----- Records for this task -----

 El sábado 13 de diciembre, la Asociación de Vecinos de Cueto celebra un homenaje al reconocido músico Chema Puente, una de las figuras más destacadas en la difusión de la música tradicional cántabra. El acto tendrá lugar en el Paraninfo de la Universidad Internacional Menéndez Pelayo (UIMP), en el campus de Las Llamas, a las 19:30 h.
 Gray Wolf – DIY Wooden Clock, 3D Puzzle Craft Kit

-----
----- Records for this task -----

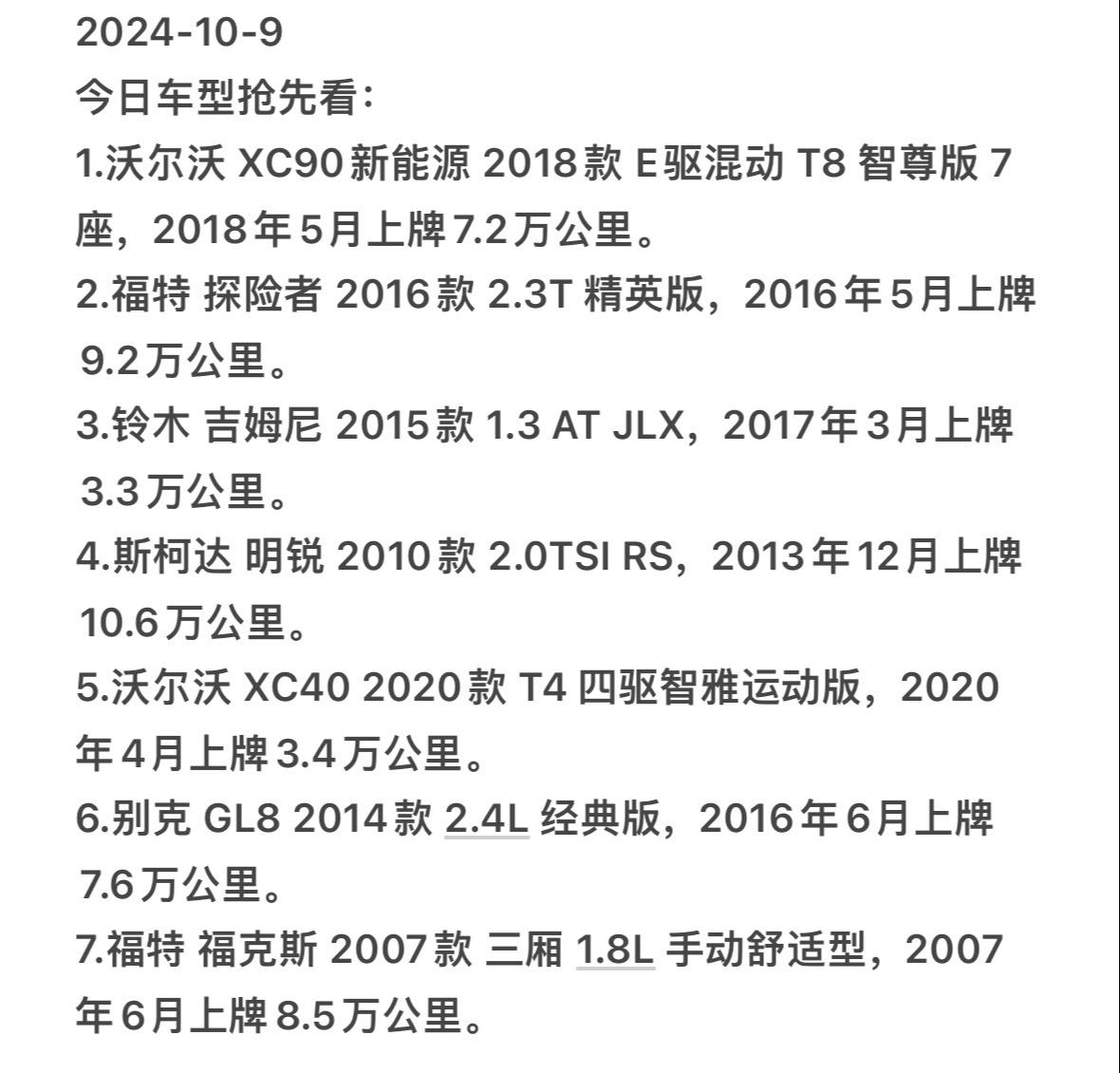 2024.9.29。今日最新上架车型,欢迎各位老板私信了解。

-----

◆ Description of the task ◆
Retype exactly the lines of the data above that fall between the line with "El sábado 13" and the line with "Gray Wolf –", inclusive, and add nothing.

◆ Solution ◆
 El sábado 13 de diciembre, la Asociación de Vecinos de Cueto celebra un homenaje al reconocido músico Chema Puente, una de las figuras más destacadas en la difusión de la música tradicional cántabra. El acto tendrá lugar en el Paraninfo de la Universidad Internacional Menéndez Pelayo (UIMP), en el campus de Las Llamas, a las 19:30 h.
 Gray Wolf – DIY Wooden Clock, 3D Puzzle Craft Kit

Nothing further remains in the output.